----- Given records -----

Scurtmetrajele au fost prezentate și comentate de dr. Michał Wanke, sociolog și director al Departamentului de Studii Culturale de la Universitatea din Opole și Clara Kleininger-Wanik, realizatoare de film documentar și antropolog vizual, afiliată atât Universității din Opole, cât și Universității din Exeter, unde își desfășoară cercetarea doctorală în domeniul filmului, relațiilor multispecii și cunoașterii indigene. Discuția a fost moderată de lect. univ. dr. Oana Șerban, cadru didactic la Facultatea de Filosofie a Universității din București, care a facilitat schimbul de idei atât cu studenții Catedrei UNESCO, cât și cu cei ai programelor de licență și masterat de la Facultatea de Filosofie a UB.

-----
----- Given records -----

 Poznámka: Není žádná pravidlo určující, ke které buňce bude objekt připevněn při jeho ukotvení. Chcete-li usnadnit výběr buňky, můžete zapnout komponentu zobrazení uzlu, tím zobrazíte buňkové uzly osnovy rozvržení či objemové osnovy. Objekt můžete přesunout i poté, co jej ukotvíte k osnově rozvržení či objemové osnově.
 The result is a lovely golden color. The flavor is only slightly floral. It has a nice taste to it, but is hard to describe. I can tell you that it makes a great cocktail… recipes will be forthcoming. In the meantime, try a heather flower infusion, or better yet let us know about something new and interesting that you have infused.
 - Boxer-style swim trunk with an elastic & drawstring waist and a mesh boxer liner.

-----
----- Given records -----

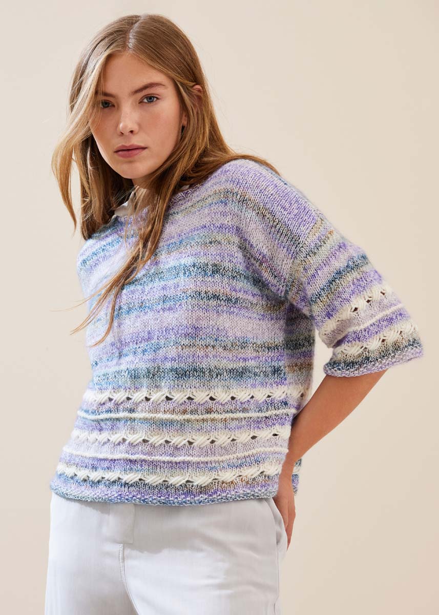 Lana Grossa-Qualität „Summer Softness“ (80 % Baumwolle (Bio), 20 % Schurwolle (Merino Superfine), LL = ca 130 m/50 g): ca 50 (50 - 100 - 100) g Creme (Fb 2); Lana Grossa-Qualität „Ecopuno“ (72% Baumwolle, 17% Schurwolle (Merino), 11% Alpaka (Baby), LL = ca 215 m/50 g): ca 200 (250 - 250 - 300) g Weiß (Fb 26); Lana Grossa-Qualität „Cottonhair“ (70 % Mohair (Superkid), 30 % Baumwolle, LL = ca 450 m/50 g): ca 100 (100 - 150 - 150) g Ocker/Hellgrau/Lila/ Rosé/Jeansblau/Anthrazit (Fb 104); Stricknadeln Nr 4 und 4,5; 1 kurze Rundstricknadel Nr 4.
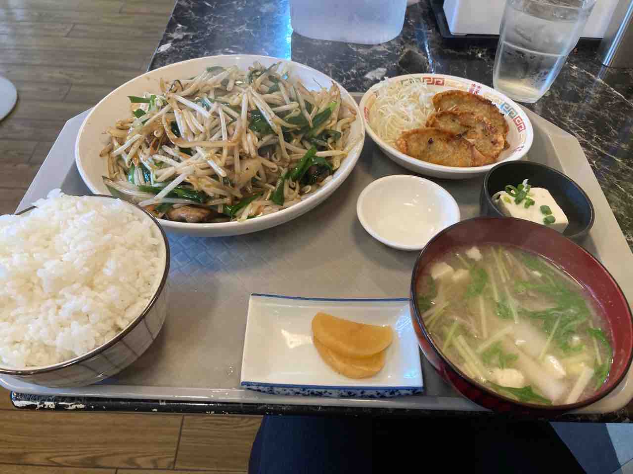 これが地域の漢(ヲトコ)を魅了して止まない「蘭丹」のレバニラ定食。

-----

## Problem
In the listing above, start at the line with "Poznámka: Není žádná", go on through the line with "- Boxer-style swim", and copy each of those lines exactly; leave out all the rest.

## Solution below
 Poznámka: Není žádná pravidlo určující, ke které buňce bude objekt připevněn při jeho ukotvení. Chcete-li usnadnit výběr buňky, můžete zapnout komponentu zobrazení uzlu, tím zobrazíte buňkové uzly osnovy rozvržení či objemové osnovy. Objekt můžete přesunout i poté, co jej ukotvíte k osnově rozvržení či objemové osnově.
 The result is a lovely golden color. The flavor is only slightly floral. It has a nice taste to it, but is hard to describe. I can tell you that it makes a great cocktail… recipes will be forthcoming. In the meantime, try a heather flower infusion, or better yet let us know about something new and interesting that you have infused.
 - Boxer-style swim trunk with an elastic & drawstring waist and a mesh boxer liner.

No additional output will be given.